WHAT YOU ARE ASKED TO DO. Below are entries with pictures in them. Output exactly the lines starting at the line with "Das Spiel bietet" and ending at the line with "关键词:跨境diy书立小屋欢乐圣诞夜拼装玩具微缩场景模型益智拼图热销", both included, but not the pictures.

MATERIAL TO PROCESS.
┌──
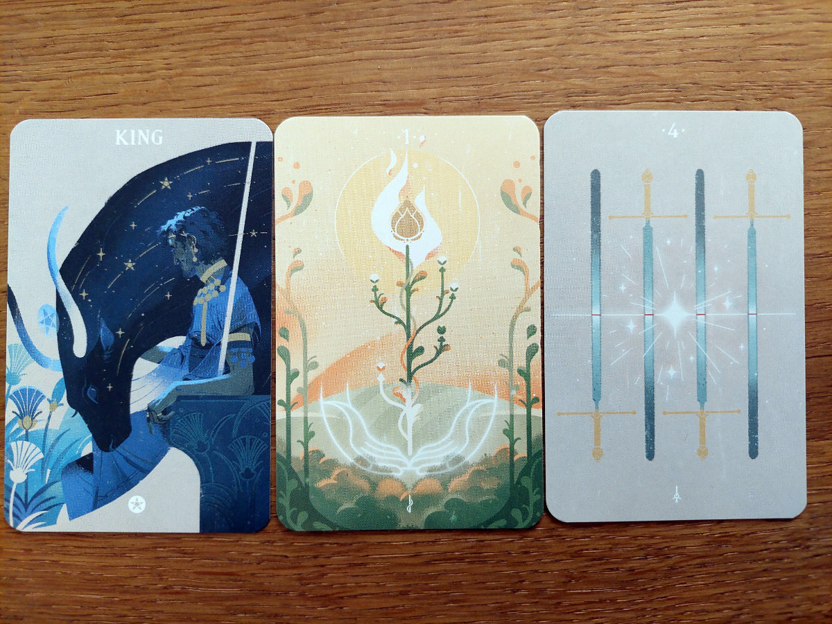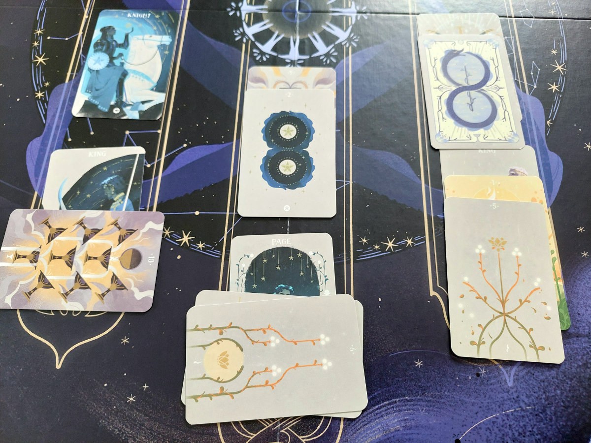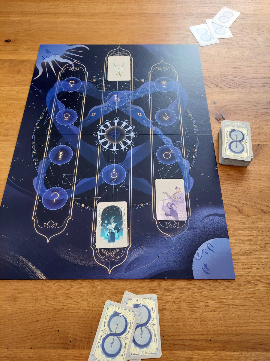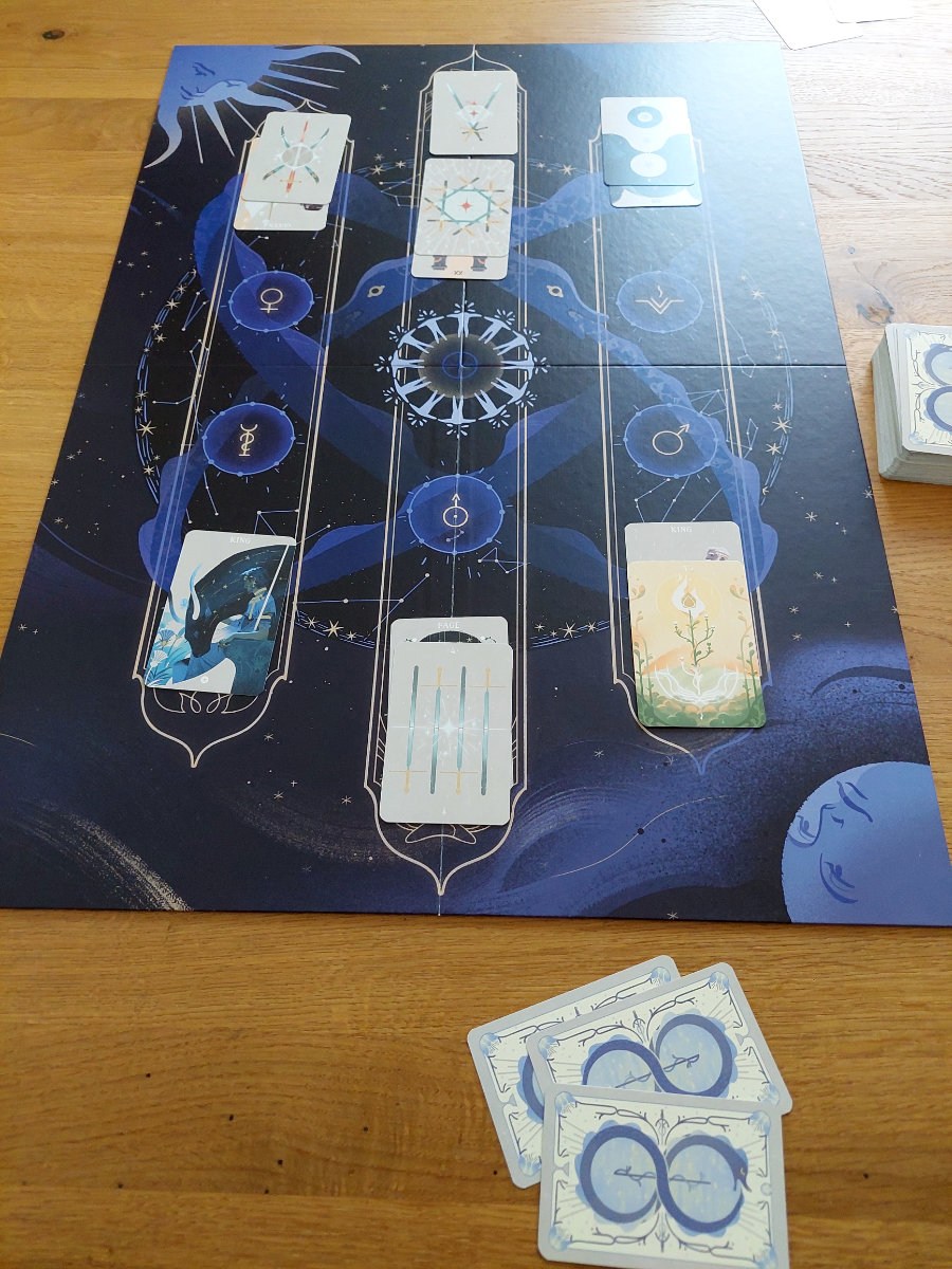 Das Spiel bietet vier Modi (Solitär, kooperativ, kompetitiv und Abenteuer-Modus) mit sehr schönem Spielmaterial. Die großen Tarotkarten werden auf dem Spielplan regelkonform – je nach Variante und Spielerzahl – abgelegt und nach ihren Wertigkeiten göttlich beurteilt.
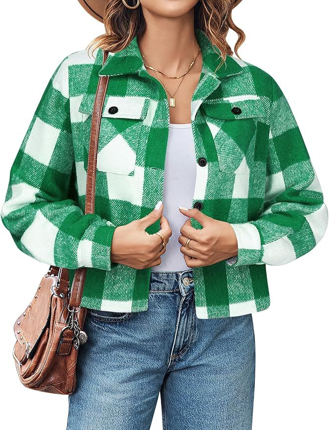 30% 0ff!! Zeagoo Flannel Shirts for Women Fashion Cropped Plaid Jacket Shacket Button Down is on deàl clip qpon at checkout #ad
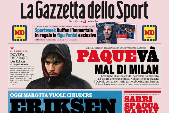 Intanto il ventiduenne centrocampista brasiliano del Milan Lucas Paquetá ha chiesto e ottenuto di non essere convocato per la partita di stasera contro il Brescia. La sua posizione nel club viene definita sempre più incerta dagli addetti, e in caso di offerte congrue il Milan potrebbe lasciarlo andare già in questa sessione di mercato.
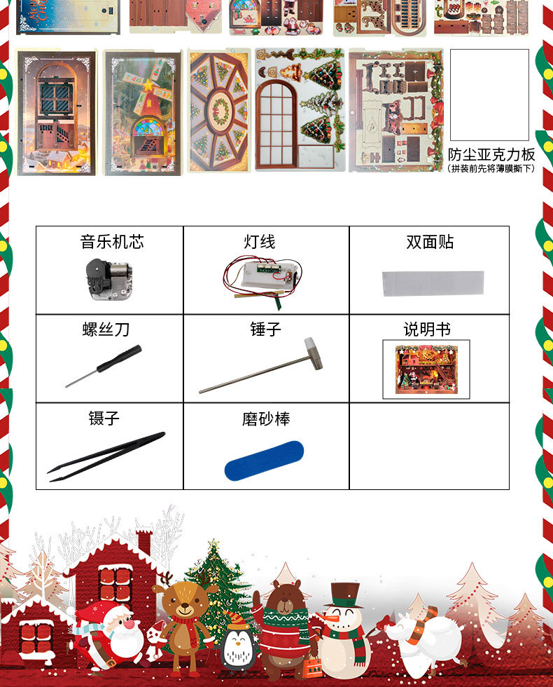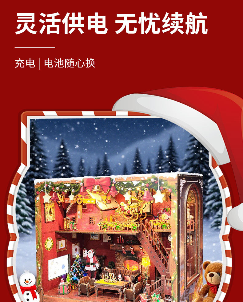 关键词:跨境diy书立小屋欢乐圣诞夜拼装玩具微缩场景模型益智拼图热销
└──
┌──
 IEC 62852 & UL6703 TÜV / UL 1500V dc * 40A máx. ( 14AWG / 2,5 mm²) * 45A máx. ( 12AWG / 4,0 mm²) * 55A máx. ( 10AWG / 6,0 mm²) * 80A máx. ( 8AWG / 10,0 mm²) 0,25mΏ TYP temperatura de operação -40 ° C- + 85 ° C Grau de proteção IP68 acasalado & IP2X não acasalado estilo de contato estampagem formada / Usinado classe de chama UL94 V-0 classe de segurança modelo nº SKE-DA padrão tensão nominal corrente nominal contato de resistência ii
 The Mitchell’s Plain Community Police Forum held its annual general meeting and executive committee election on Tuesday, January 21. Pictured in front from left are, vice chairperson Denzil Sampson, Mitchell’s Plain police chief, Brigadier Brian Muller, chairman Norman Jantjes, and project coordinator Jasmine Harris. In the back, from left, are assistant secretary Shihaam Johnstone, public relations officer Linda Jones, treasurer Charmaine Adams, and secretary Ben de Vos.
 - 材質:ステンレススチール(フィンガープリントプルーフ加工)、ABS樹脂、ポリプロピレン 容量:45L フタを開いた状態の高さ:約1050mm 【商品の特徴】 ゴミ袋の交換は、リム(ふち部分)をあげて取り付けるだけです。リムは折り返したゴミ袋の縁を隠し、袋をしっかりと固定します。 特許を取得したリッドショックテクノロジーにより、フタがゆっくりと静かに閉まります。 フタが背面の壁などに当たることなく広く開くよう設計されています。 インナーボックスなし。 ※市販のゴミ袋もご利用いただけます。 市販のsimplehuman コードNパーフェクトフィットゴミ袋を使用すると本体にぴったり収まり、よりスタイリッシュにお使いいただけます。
└──
TASK OUTPUT.
 Das Spiel bietet vier Modi (Solitär, kooperativ, kompetitiv und Abenteuer-Modus) mit sehr schönem Spielmaterial. Die großen Tarotkarten werden auf dem Spielplan regelkonform – je nach Variante und Spielerzahl – abgelegt und nach ihren Wertigkeiten göttlich beurteilt.
 30% 0ff!! Zeagoo Flannel Shirts for Women Fashion Cropped Plaid Jacket Shacket Button Down is on deàl clip qpon at checkout #ad
 Intanto il ventiduenne centrocampista brasiliano del Milan Lucas Paquetá ha chiesto e ottenuto di non essere convocato per la partita di stasera contro il Brescia. La sua posizione nel club viene definita sempre più incerta dagli addetti, e in caso di offerte congrue il Milan potrebbe lasciarlo andare già in questa sessione di mercato.
 关键词:跨境diy书立小屋欢乐圣诞夜拼装玩具微缩场景模型益智拼图热销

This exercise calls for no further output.